Leslie: This is Revive Our Hearts with Nancy DeMoss Wolgemuth, author of Adorned, for Wednesday, April 5, 2017.
Nancy: If you’ve been with us for the past couple of days, you know that we’ve been leaning in on this phrase in Titus 2 where older women are instructed to teach, to train, the young women to be submissive to their own husbands—the last in seven qualities in this curriculum for younger women discipleship.
And this is a tough one! It’s tough in any era, in any generation, but I think it’s especially tough in ours today, because the worldview in which we live is so diametrically opposed to this whole concept. You can sound like you’re for abuse . . . like you’ve got three heads . . . like you’re crazy—if you teach on this today.
There are women who have been deeply wounded, scarred, by men who weren’t thinking God’s way about this subject. If you’ve missed the last couple of programs, I want to encourage you to go back to ReviveOurHearts.com to listen to those, to read the transcripts.
Perhaps you might want to pick up a copy of the Adorned book. We have a whole chapter that unpacks this message and other teaching we’ve done on this—because you can’t say everything, you can’t give all the caveats in one session. You can’t cover all the bases.
You may have a situation that is very different than anything I’ve talked about. So go to the Lord and ask Him for wisdom—but you start with this assumption that God is good, that He loves you, that submission was His idea, and that properly understood it is a blessing. There is a strength and a beauty of submission done God’s way.
I want to talk for a few moments today about: What do I do when I disagree with my husband’s decisions or his direction? And, actually, this is the only time submission really becomes an issue in marriage.
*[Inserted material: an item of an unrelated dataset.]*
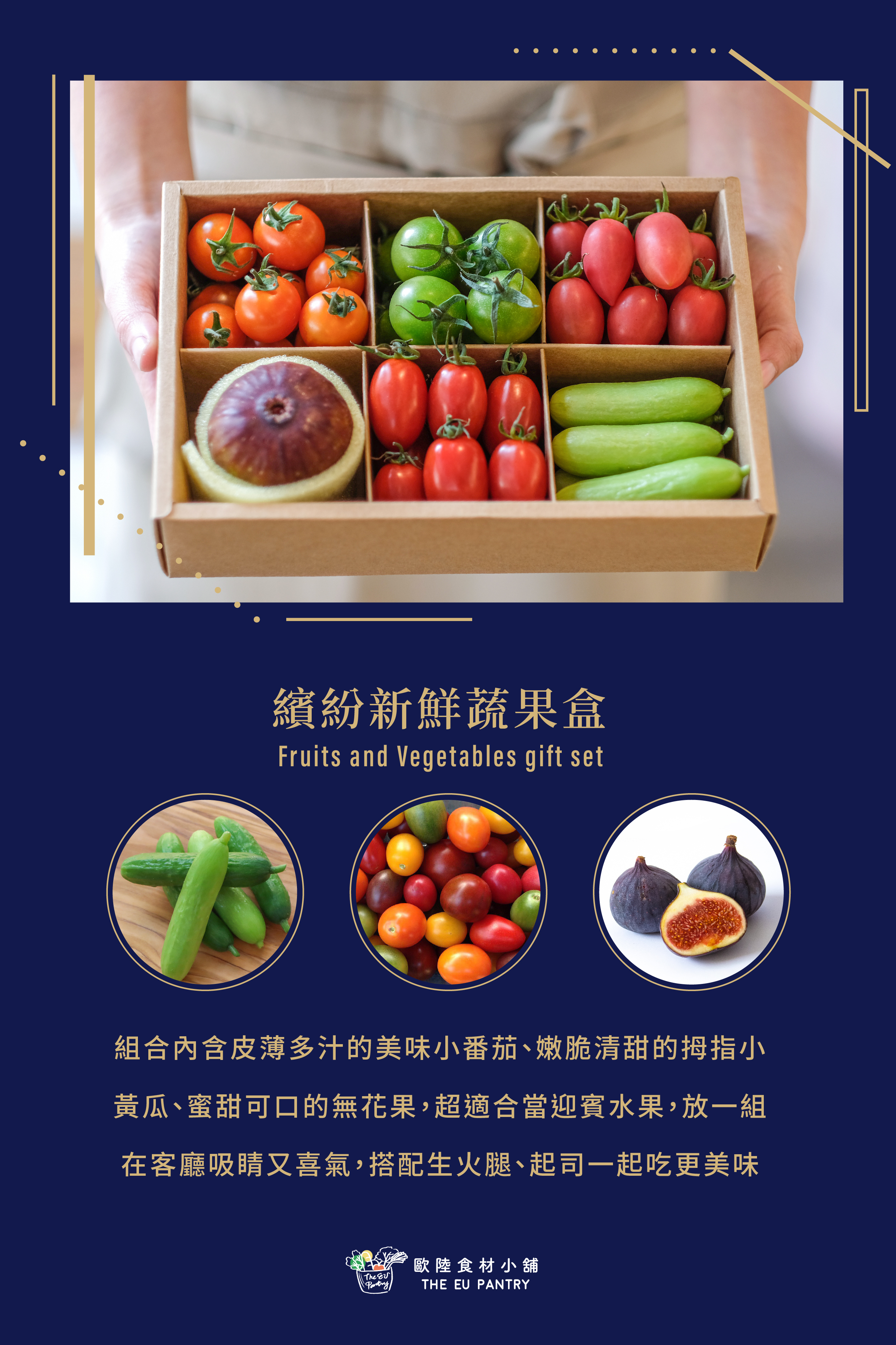 內含:彩色小番茄約500g、拇指水果小黃瓜約115g、 無花果一入約70g

Because when you both agree with each other, you both agree with each other, right?
But when a husband and his wife don’t agree on something, that’s when this comes into play. That disagreement may be a minor disagreement that surfaces in the course of everyday life. Sometimes there can be bigger issues related to parenting decisions.
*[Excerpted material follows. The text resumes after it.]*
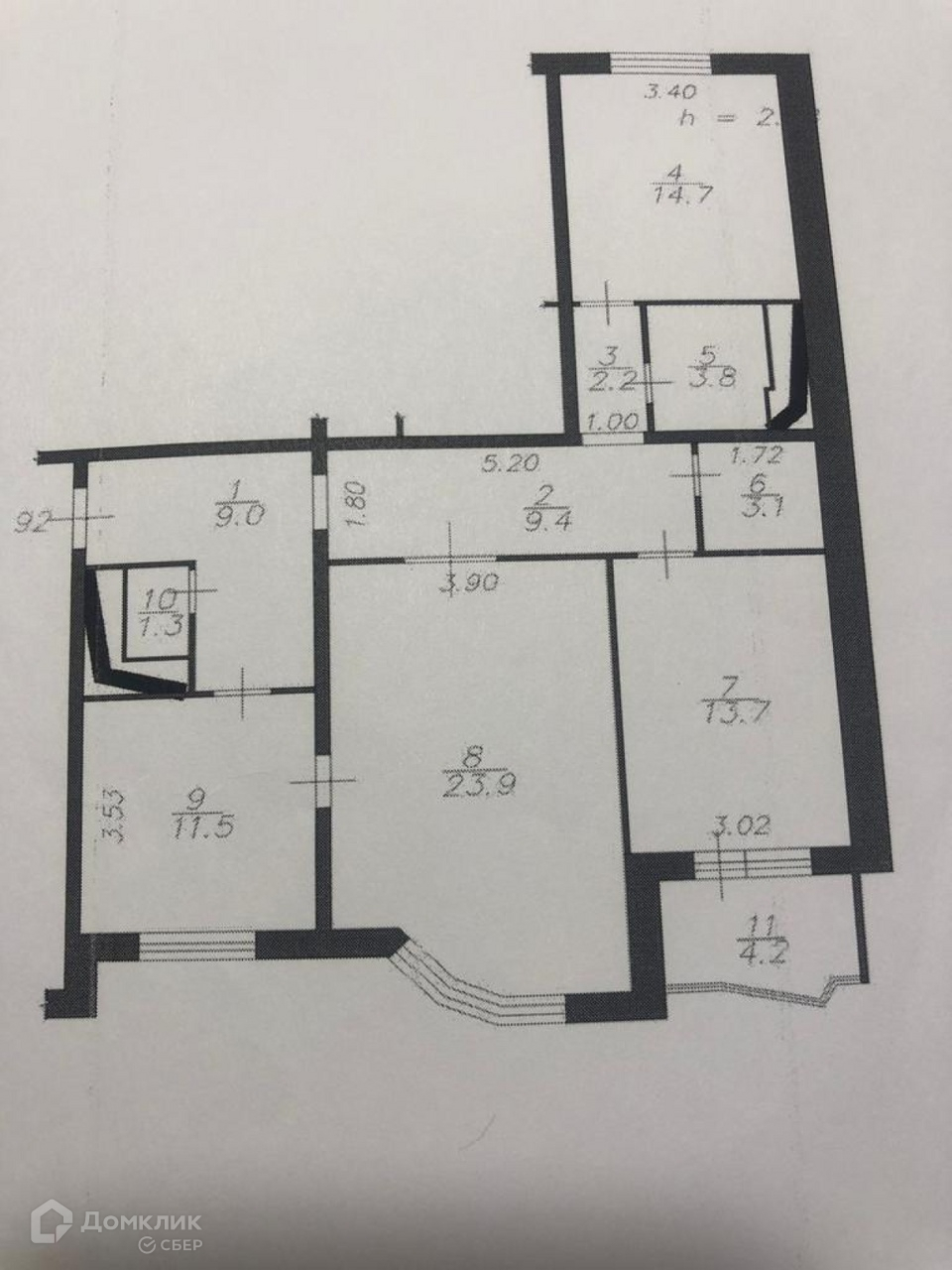 Высота потолков 2.8 м

For example (I’ve watched a number of women go through this), you want more children and he doesn’t. That’s a parenting challenge. Women in this room have faced that. Maybe it's in relation to financial issues—spending, saving, purchases. Or it could be when to switch churches; how to pick a church. A career change, etc.
A woman just came to me before this session and she said, “Most recently, my husband and I had to exercise this whole principle and teaching when we were trying to decide whether God was moving us from one ministry to another. We talked about it; we interacted. We talked about the pros and the cons. But when it came down to it, I needed to say to him, ‘You need to make this decision.’”
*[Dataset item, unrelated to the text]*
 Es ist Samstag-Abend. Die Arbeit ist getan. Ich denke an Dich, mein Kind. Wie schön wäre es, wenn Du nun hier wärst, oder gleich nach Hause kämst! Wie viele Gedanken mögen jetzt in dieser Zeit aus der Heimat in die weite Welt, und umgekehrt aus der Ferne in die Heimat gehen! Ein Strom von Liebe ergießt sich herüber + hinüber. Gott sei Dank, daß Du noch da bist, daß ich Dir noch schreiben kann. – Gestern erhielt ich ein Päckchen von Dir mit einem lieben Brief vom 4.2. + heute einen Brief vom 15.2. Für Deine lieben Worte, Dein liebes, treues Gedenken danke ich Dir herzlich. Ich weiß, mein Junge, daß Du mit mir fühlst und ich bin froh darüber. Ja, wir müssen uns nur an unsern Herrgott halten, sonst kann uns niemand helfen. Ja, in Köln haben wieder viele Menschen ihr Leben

She placed herself in a position of trusting God to work through her husband. But sometimes you don’t come to agreement on these things.
Sometimes it’s not the little things, it’s not the bigger issues of life, it’s really thorny issues like when a husband is pushing a wife to do something that she is convinced is contrary to God’s will and God’s Word.
I’ve heard all sorts of things from listeners over the years. Let me just read you a sampling of those. One woman wrote and said, “My husband is not saved. I’m supposed to be submissive to him. He does not want me to tithe; this is a big issue for him. What am I to do?”
So, you could multiply that by many different financial challenges and issues, where you may have disagreement. Here’s a husband who’s not a believer, so he’s not concerned about obeying God’s Word. What do you do?
Here’s another one. What if he is an unbeliever and “takes our young children to see R-rated movies when you plead with him to consider an alternative?" You can multiply that times a jillion in terms of ways that plays out—parenting decisions.
Here's another one. “My friend’s husband has a large collection of evil music: sex, drugs, etc. He says he’s a Christian, but he refuses to dispose of it. My friend does not like having it in her home (they have six children), but feels that to be submissive she cannot tell him to get rid of it.” What do you do in a situation like this? What does submission mean? What does it look like?
And the women asking these and other tough questions, first of all, let me say, they need the kind of relationships that Titus 2 provides for between younger women (who are figuring these things out) and older, seasoned women who will walk with them, who will pray with them.
It’s not a “yes” or “no” answer to most of these kinds of things. People write us, and they ask us these questions. I’m saying, “You know what? They need to get somebody in their life who knows them, who knows their situation, who will walk with them, who will pray with them, who will stick with them, who will help them discern the best course of action and then how to respond when that goes 'kerflooey' when the reaction of the husband isn’t what they thought it might be."
These relationships, ideally, should take place in the context of a local church where pastoral leaders can be brought in, if necessary, to deal with the husband or deal with the marriage.
You can have speakers that you love listening to, books that you love reading by Christian women and authors and speakers, and they can be helpful—but only to a point. There is no substitute for these life-on-life, real human-being relationships!
I don’t know how to answer most of these questions for you, and you don’t know how to answer most of them for me—because you don’t know me; I don’t know you. That’s why we need these relationships, these women’s friendships, where we are involved in each other’s lives, and we can help each other walk through these kinds of decisions.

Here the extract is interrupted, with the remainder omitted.